### Provided material
++++++++++++++++++++

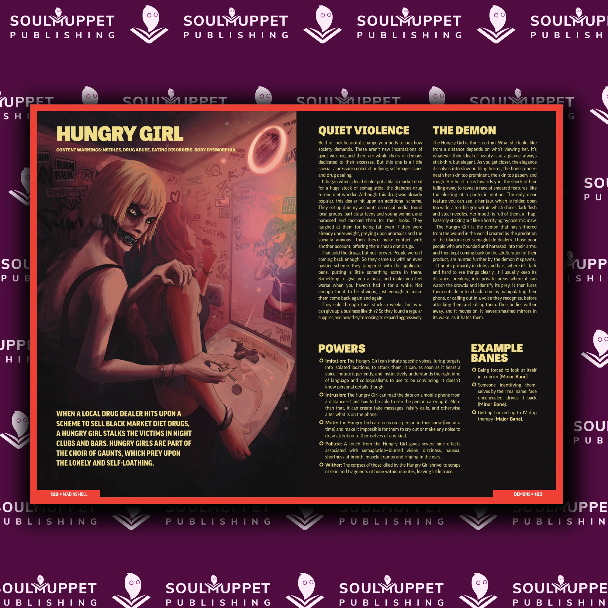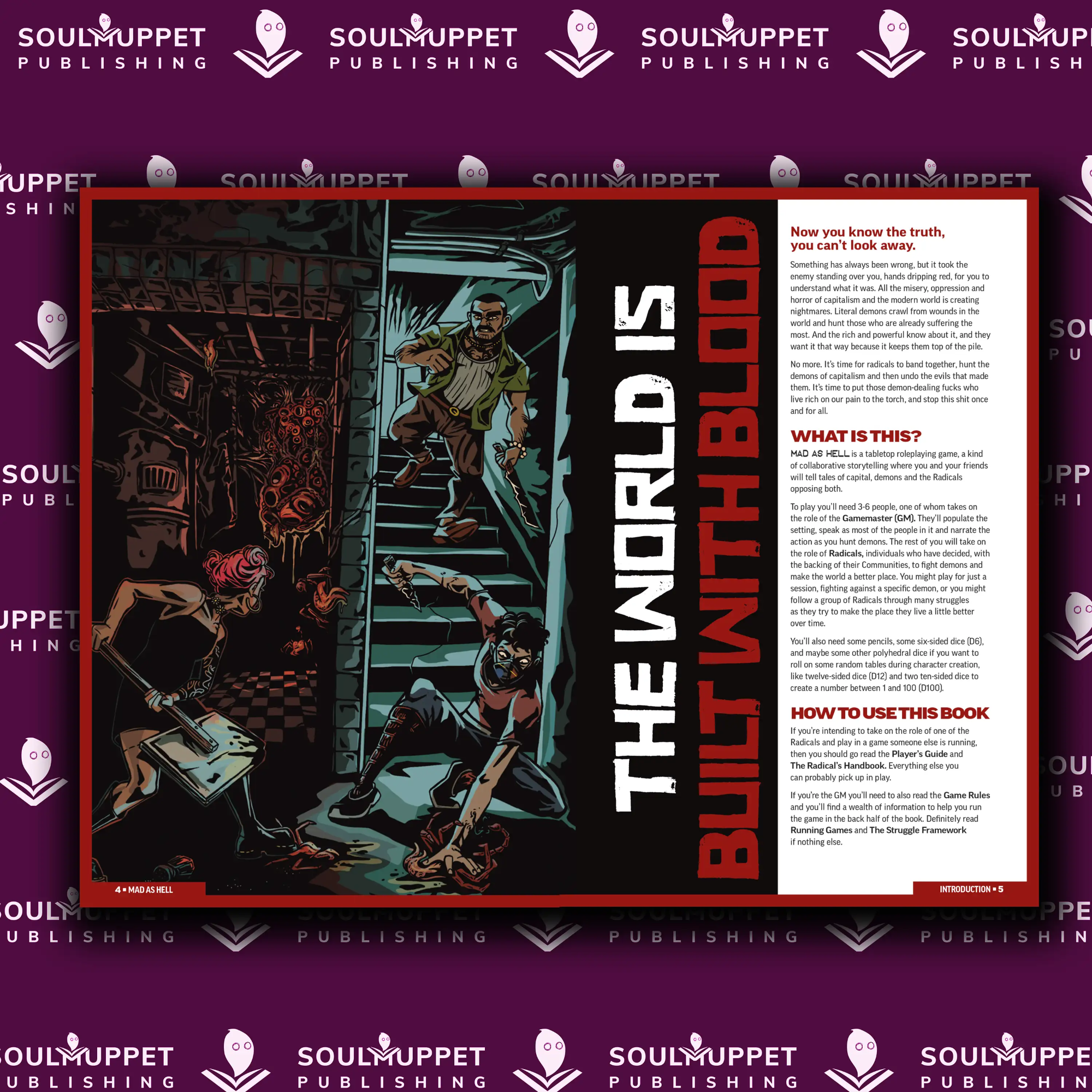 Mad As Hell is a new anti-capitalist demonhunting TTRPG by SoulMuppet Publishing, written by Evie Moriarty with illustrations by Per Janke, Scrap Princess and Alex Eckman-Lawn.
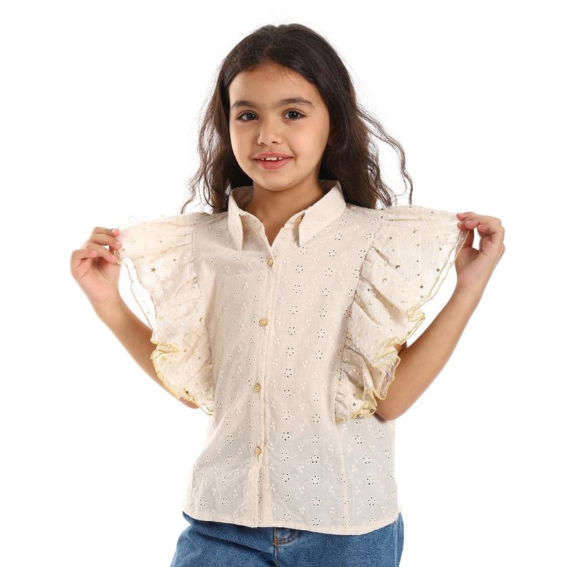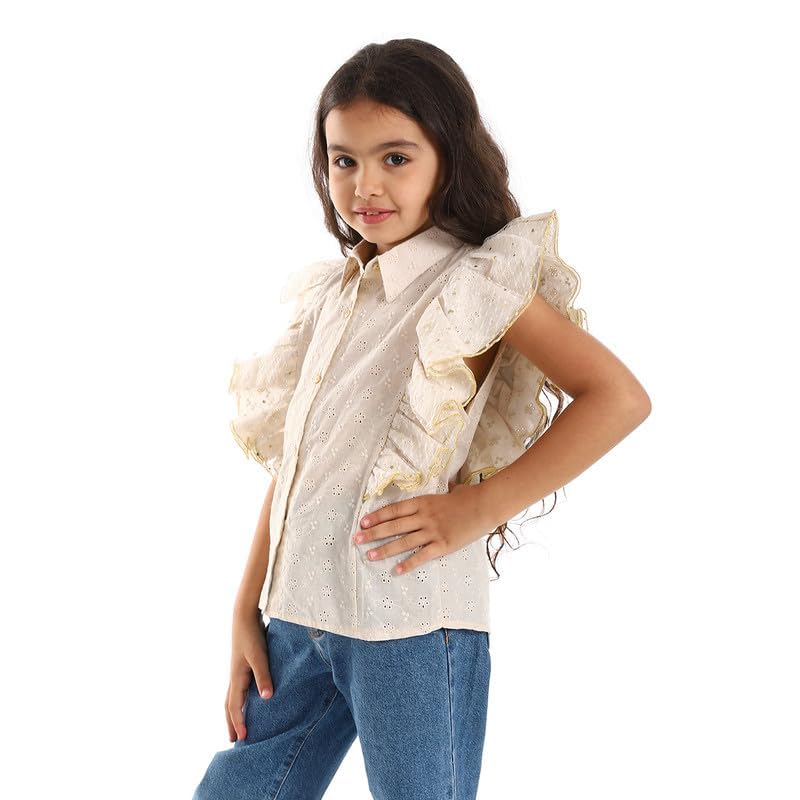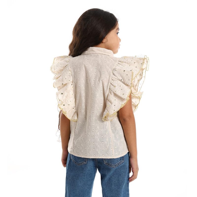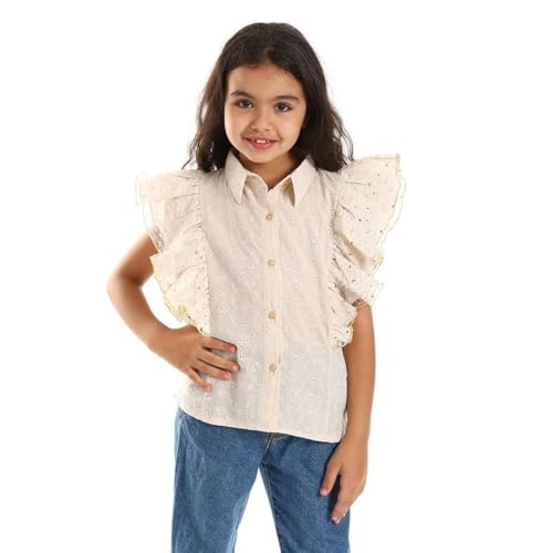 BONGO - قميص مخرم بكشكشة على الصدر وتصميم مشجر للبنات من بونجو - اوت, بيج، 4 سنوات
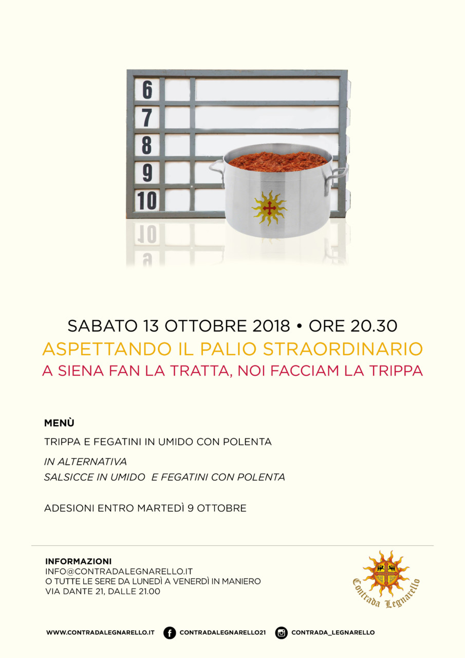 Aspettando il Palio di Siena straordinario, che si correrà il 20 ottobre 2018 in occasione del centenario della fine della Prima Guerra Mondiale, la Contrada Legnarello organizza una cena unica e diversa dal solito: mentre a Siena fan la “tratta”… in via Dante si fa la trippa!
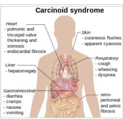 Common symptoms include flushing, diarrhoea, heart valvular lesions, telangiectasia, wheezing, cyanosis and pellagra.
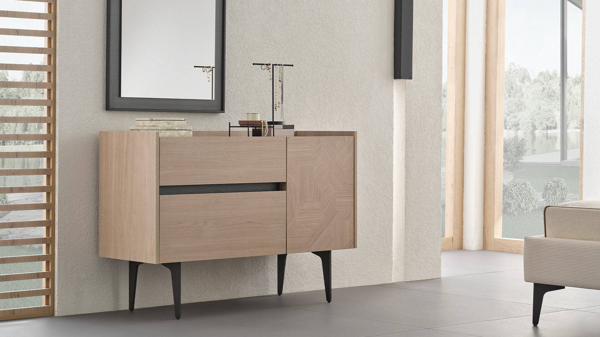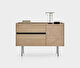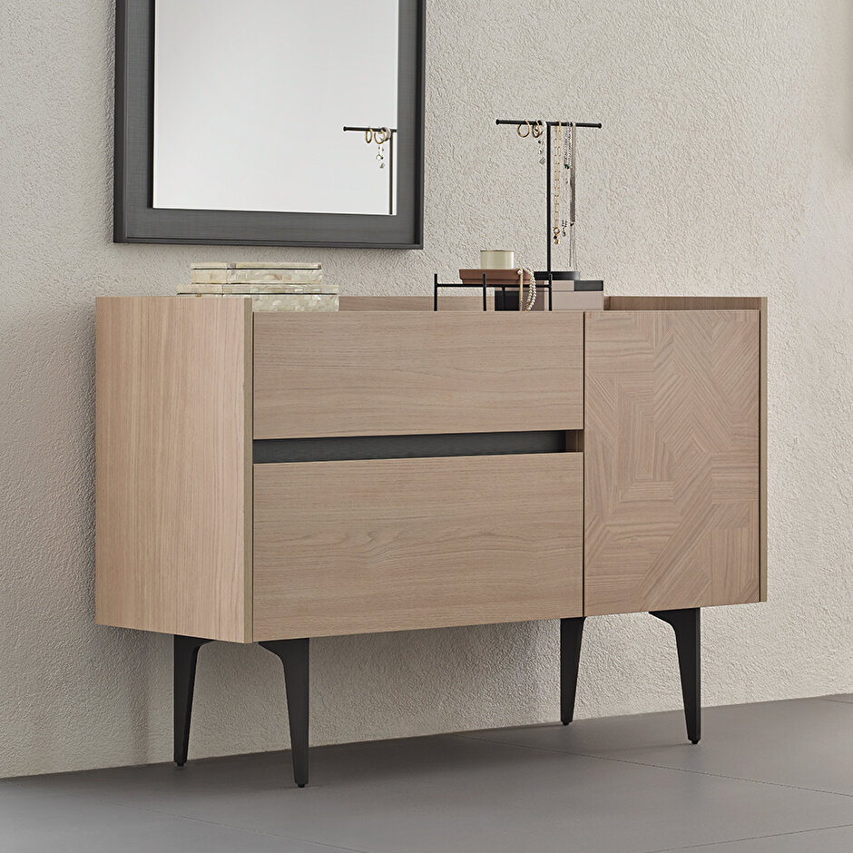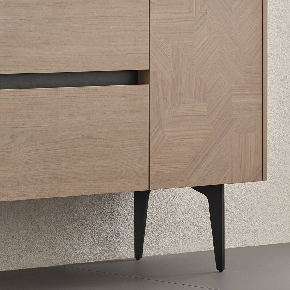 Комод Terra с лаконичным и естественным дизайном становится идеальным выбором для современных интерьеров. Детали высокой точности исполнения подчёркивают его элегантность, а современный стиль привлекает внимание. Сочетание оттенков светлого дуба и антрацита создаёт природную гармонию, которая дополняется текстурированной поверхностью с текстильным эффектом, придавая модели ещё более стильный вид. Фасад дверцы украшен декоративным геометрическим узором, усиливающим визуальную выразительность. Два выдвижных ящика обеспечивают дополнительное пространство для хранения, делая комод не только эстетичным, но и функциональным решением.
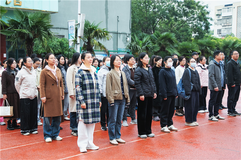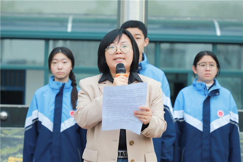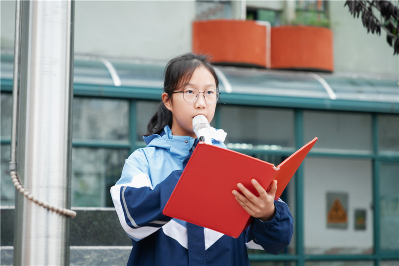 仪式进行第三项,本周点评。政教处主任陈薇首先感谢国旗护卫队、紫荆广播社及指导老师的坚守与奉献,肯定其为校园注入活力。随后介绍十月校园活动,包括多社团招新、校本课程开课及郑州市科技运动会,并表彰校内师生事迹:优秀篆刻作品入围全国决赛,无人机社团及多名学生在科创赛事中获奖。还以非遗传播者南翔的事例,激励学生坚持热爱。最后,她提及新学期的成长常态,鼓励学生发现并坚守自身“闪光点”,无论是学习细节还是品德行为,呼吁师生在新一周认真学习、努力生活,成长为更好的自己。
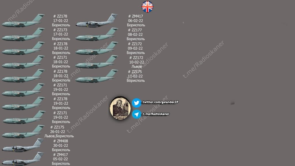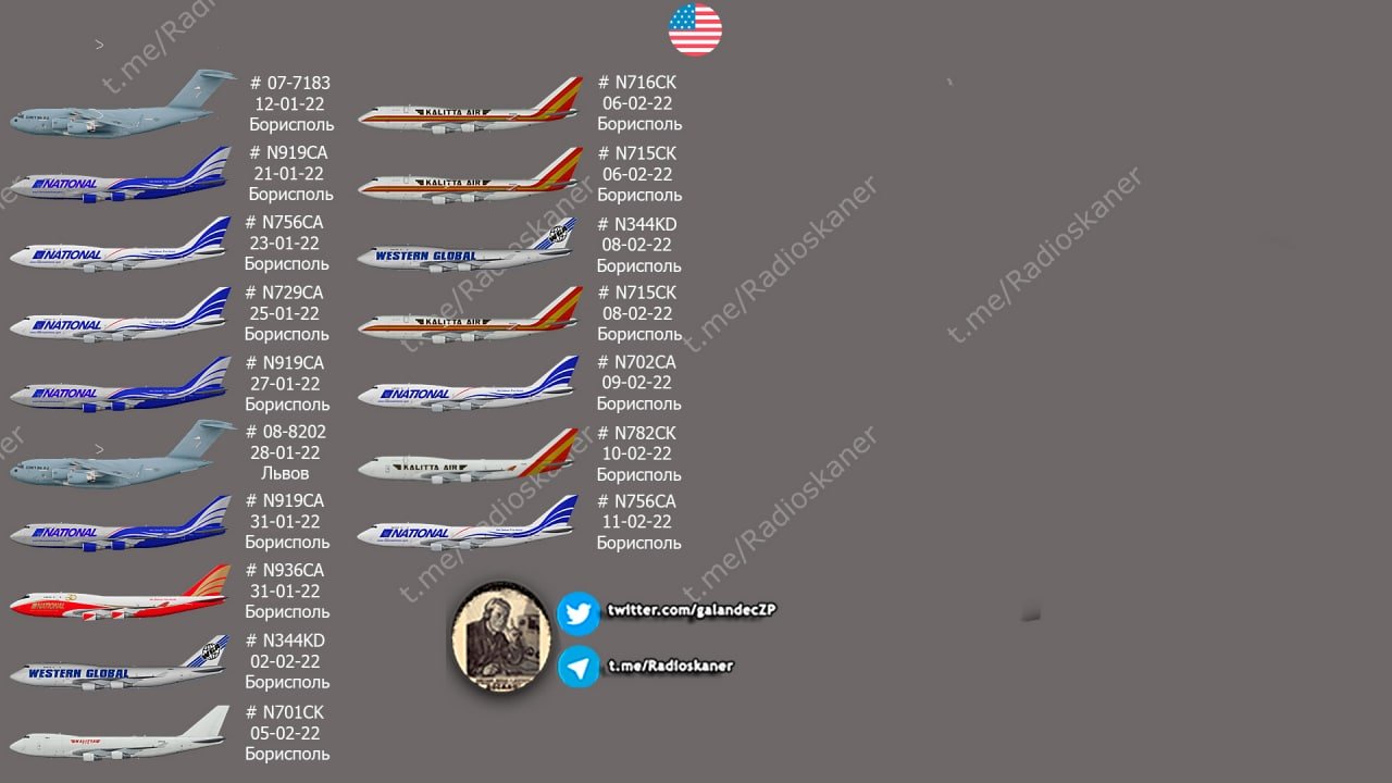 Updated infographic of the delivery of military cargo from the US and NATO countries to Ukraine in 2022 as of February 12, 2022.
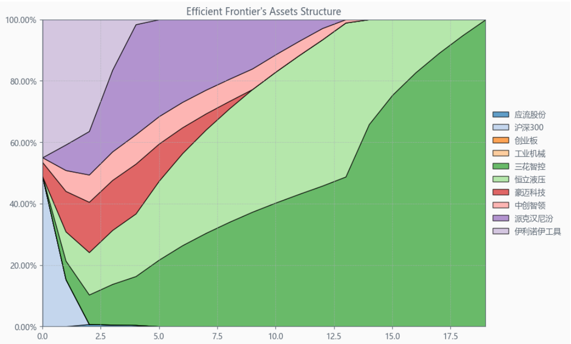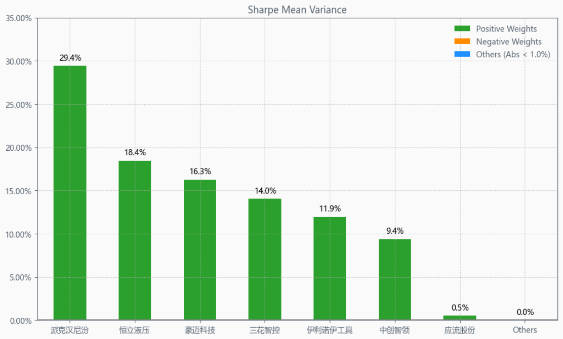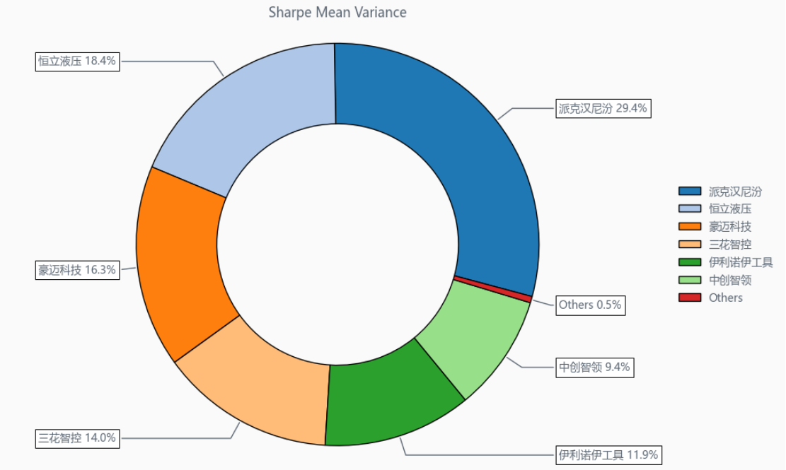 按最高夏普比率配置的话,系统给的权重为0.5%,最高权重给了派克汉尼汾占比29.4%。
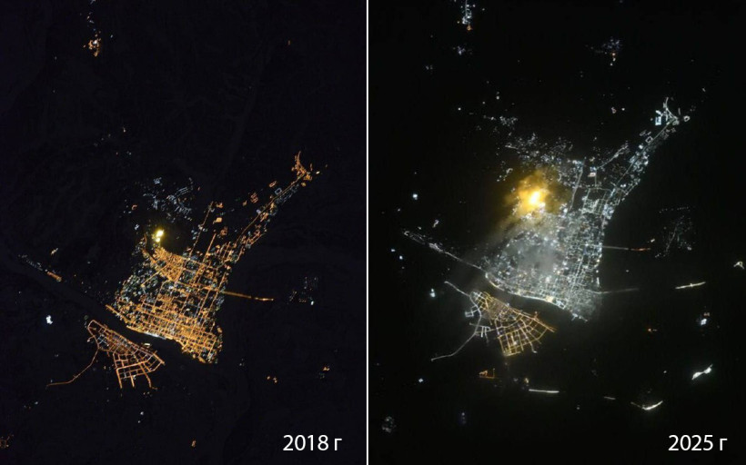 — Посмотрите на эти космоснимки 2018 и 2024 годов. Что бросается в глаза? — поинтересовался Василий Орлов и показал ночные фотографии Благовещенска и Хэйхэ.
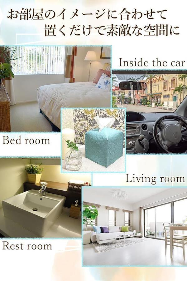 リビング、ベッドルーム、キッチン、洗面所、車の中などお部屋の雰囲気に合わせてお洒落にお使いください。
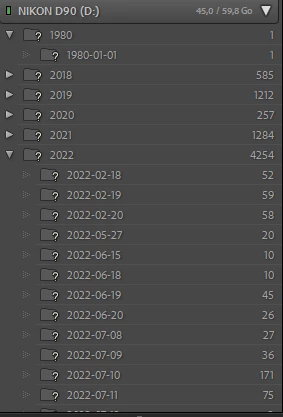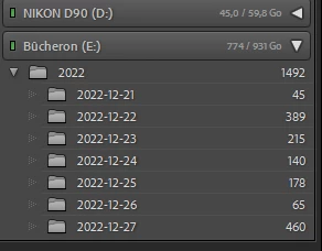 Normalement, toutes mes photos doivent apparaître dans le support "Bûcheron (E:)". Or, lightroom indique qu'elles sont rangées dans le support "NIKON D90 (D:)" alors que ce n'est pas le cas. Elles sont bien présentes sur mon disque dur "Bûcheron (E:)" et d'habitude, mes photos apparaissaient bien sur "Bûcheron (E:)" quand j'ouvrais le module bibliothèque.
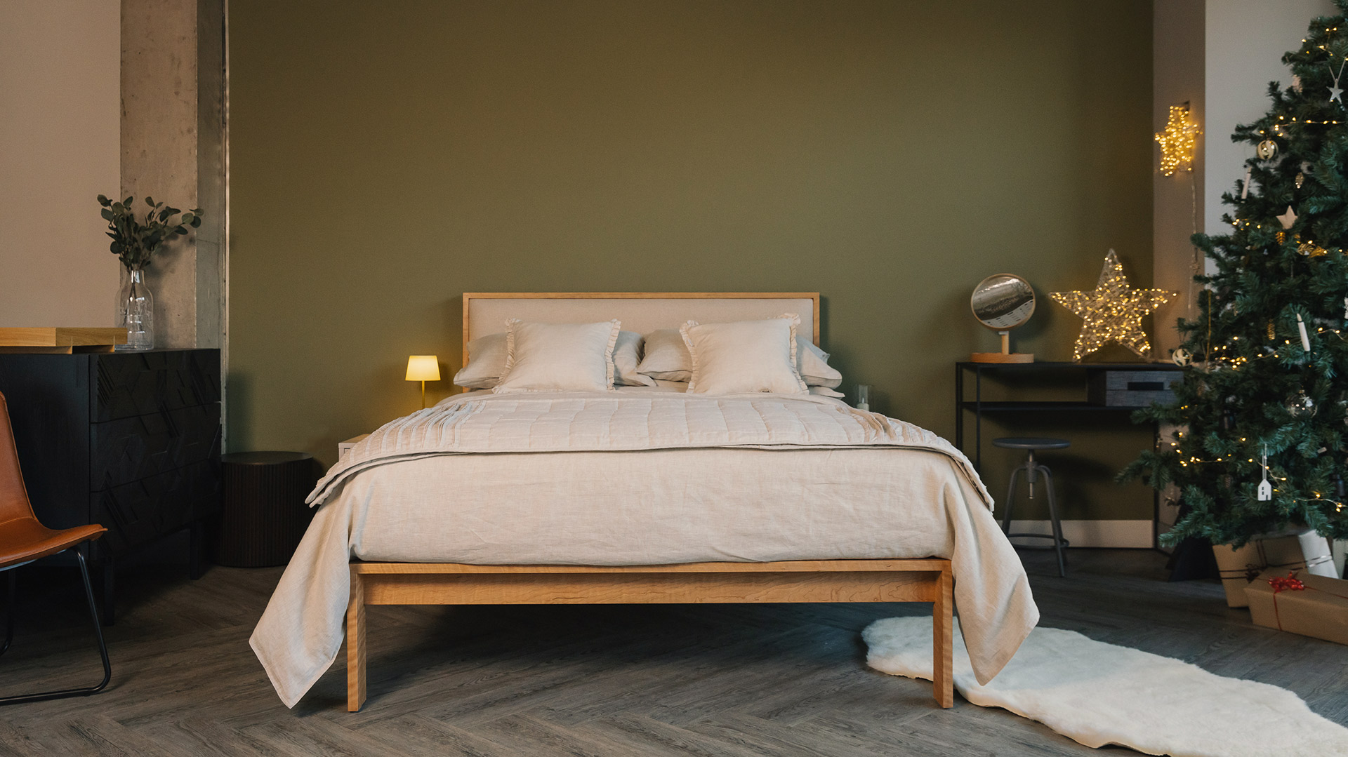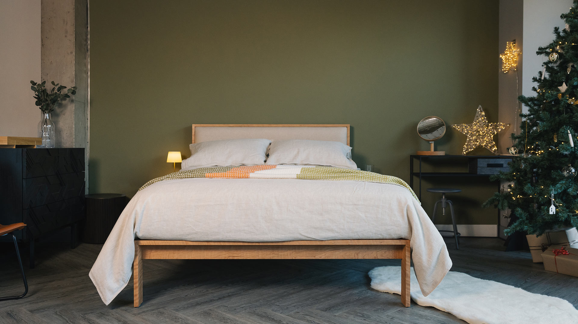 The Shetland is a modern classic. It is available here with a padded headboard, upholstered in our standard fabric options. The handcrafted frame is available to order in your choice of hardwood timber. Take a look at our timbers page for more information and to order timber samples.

++++++++++++++++++++

### Activity
Copy the whole of the material above exactly, and exclude every picture.

### Task answer
 Mad As Hell is a new anti-capitalist demonhunting TTRPG by SoulMuppet Publishing, written by Evie Moriarty with illustrations by Per Janke, Scrap Princess and Alex Eckman-Lawn.
 BONGO - قميص مخرم بكشكشة على الصدر وتصميم مشجر للبنات من بونجو - اوت, بيج، 4 سنوات
 Aspettando il Palio di Siena straordinario, che si correrà il 20 ottobre 2018 in occasione del centenario della fine della Prima Guerra Mondiale, la Contrada Legnarello organizza una cena unica e diversa dal solito: mentre a Siena fan la “tratta”… in via Dante si fa la trippa!
 Common symptoms include flushing, diarrhoea, heart valvular lesions, telangiectasia, wheezing, cyanosis and pellagra.
 Комод Terra с лаконичным и естественным дизайном становится идеальным выбором для современных интерьеров. Детали высокой точности исполнения подчёркивают его элегантность, а современный стиль привлекает внимание. Сочетание оттенков светлого дуба и антрацита создаёт природную гармонию, которая дополняется текстурированной поверхностью с текстильным эффектом, придавая модели ещё более стильный вид. Фасад дверцы украшен декоративным геометрическим узором, усиливающим визуальную выразительность. Два выдвижных ящика обеспечивают дополнительное пространство для хранения, делая комод не только эстетичным, но и функциональным решением.
 仪式进行第三项,本周点评。政教处主任陈薇首先感谢国旗护卫队、紫荆广播社及指导老师的坚守与奉献,肯定其为校园注入活力。随后介绍十月校园活动,包括多社团招新、校本课程开课及郑州市科技运动会,并表彰校内师生事迹:优秀篆刻作品入围全国决赛,无人机社团及多名学生在科创赛事中获奖。还以非遗传播者南翔的事例,激励学生坚持热爱。最后,她提及新学期的成长常态,鼓励学生发现并坚守自身“闪光点”,无论是学习细节还是品德行为,呼吁师生在新一周认真学习、努力生活,成长为更好的自己。
 Updated infographic of the delivery of military cargo from the US and NATO countries to Ukraine in 2022 as of February 12, 2022.
 按最高夏普比率配置的话,系统给的权重为0.5%,最高权重给了派克汉尼汾占比29.4%。
 — Посмотрите на эти космоснимки 2018 и 2024 годов. Что бросается в глаза? — поинтересовался Василий Орлов и показал ночные фотографии Благовещенска и Хэйхэ.
 リビング、ベッドルーム、キッチン、洗面所、車の中などお部屋の雰囲気に合わせてお洒落にお使いください。
 Normalement, toutes mes photos doivent apparaître dans le support "Bûcheron (E:)". Or, lightroom indique qu'elles sont rangées dans le support "NIKON D90 (D:)" alors que ce n'est pas le cas. Elles sont bien présentes sur mon disque dur "Bûcheron (E:)" et d'habitude, mes photos apparaissaient bien sur "Bûcheron (E:)" quand j'ouvrais le module bibliothèque.
 The Shetland is a modern classic. It is available here with a padded headboard, upholstered in our standard fabric options. The handcrafted frame is available to order in your choice of hardwood timber. Take a look at our timbers page for more information and to order timber samples.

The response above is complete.